• Work required: The reply should hold only the lines from the one with "鬼のツノの部分になる黄色の画用紙にクレヨンで好きな線を描いて" to the one with "Polska, III RP, Henryk", both ends kept, exactly as they appear below, without any pictures.

• Exercise data:
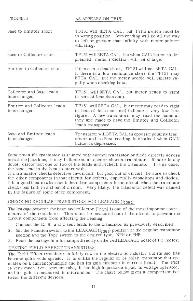 Sencore TF151 - Checking Regular Transistor Leakage (ICBO); Leakage Measurement Procedure; Testing Field Effect Transistors (FETs)
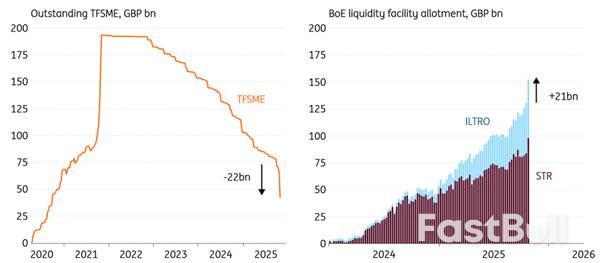 The sudden demand for liquidity was driven by record repayments of Covid-19 loans to encourage SME lending (TFSME). In the last week of October, banks repaid £22bn of these loans, way more than the regular amounts we've seen over the past year. The repayments almost exactly mirrored the demand for the BoE's liquidity facilities: the 1-week Short Term Repo (STR) facility and 6-month Indexed Long-Term Refinancing Operations (ILTRO). This makes the net impact on reserves negligible.
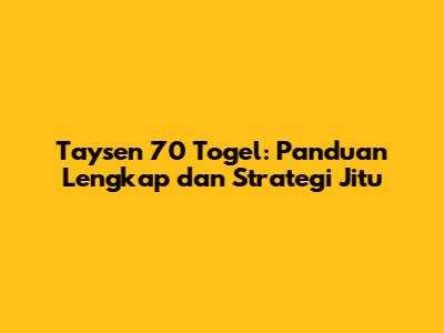 Taysen 70 Togel: Panduan Lengkap Dan Strategi Jitu
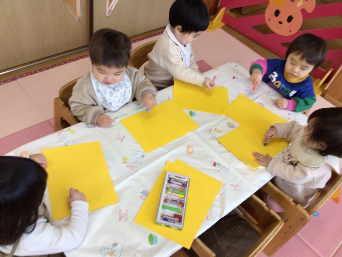 鬼のツノの部分になる黄色の画用紙にクレヨンで好きな線を描いて
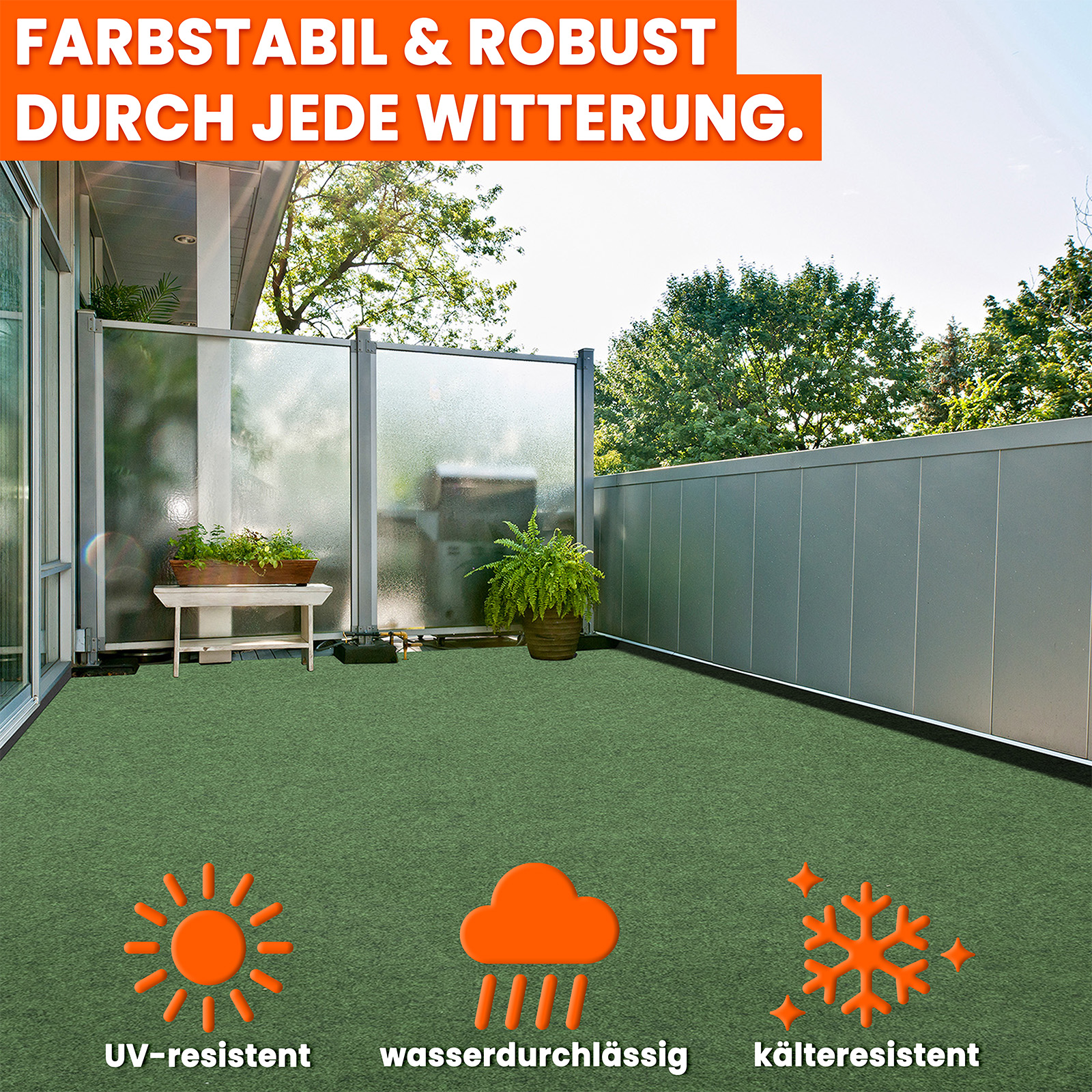 Mit einem Gesamtgewicht von 1490 g/m² und einer Höhe von 6,5 mm bietet dieser Rasenteppich eine solide Grundlage für den täglichen Einsatz. Der dichte Nadelfilz erzeugt ein weiches, angenehmes Gefühl unter den Füßen – ideal für barfußfreundliche Entspannung auf Balkon oder Veranda. Gleichzeitig bleibt der Kunstrasen formstabil und widerstandsfähig, selbst bei regelmäßiger Belastung durch Möbel oder Fußverkehr.
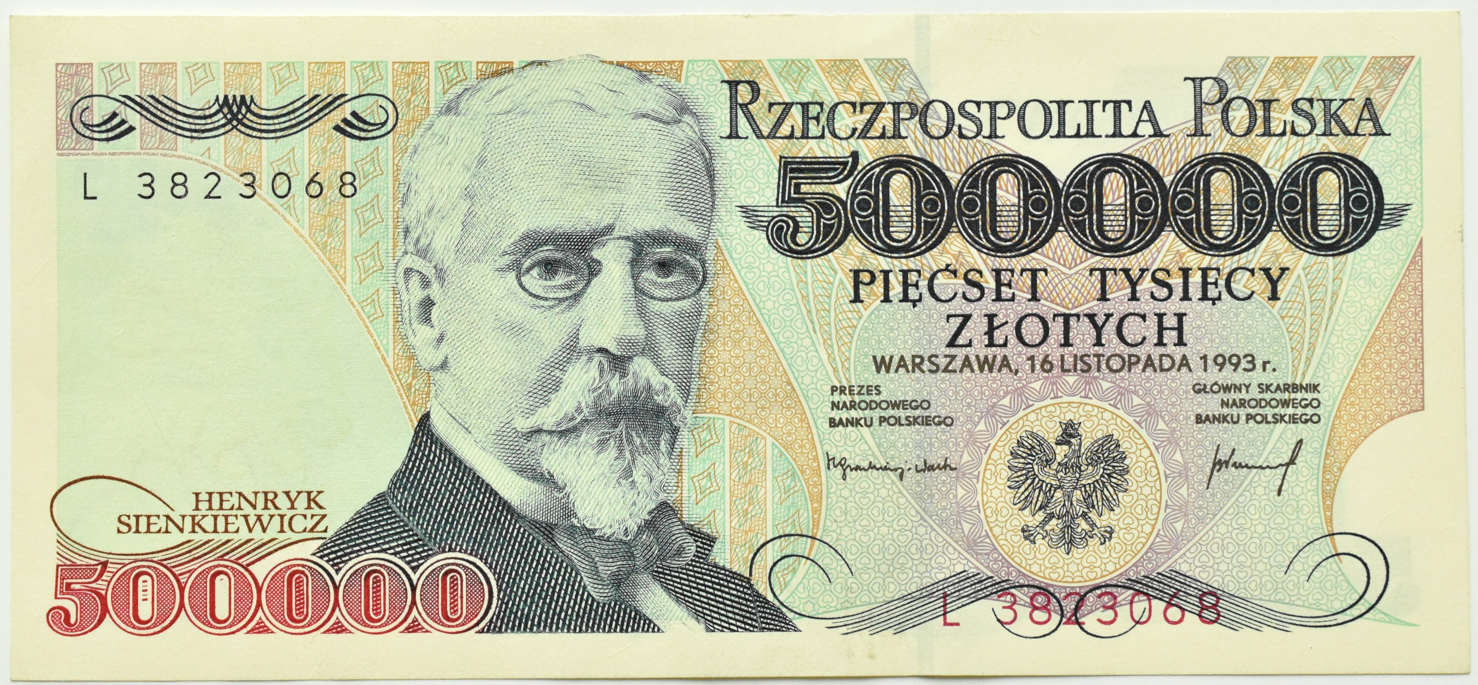 Polska, III RP, Henryk Sienkiewicz, 500000 złotych 1993, seria L, Warszawa
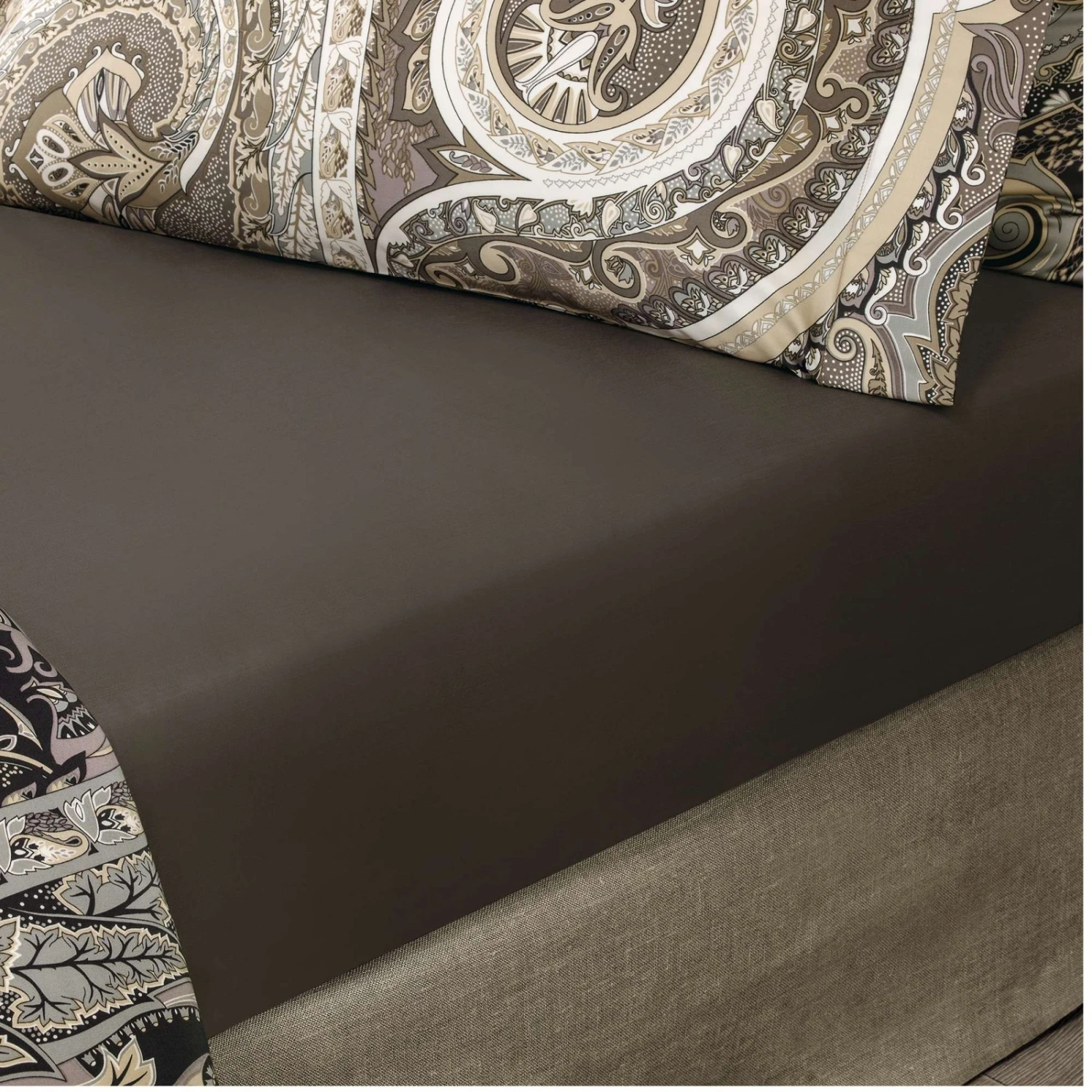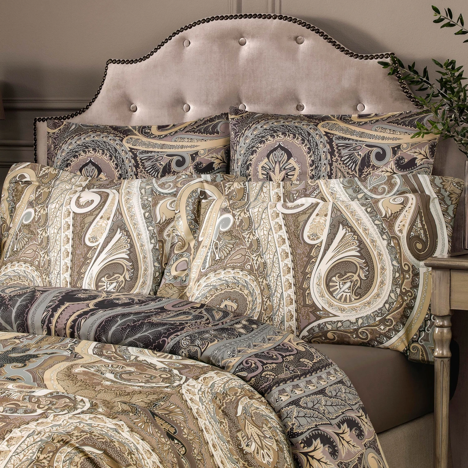 An intricate pattern in the form of a drop with an abundance of small details was used in traditional textiles and paintings. This ancient ornament is fascinating, complex smoky-brown shades of fabric look very nice and do not distract attention from the whimsical curves of lines and an abundance of small details in the picture on the fabric. The set is made of eucalyptus fiber, this material combines the best properties of flax, silk, and cotton. Bed linen is very soft and silky, extremely pleasant to the touch. Eucalyptus fiber is well breathable, has the property of climate control, is perfect for people with sensitive skin.

• Solution to the problem:
 鬼のツノの部分になる黄色の画用紙にクレヨンで好きな線を描いて
 Mit einem Gesamtgewicht von 1490 g/m² und einer Höhe von 6,5 mm bietet dieser Rasenteppich eine solide Grundlage für den täglichen Einsatz. Der dichte Nadelfilz erzeugt ein weiches, angenehmes Gefühl unter den Füßen – ideal für barfußfreundliche Entspannung auf Balkon oder Veranda. Gleichzeitig bleibt der Kunstrasen formstabil und widerstandsfähig, selbst bei regelmäßiger Belastung durch Möbel oder Fußverkehr.
 Polska, III RP, Henryk Sienkiewicz, 500000 złotych 1993, seria L, Warszawa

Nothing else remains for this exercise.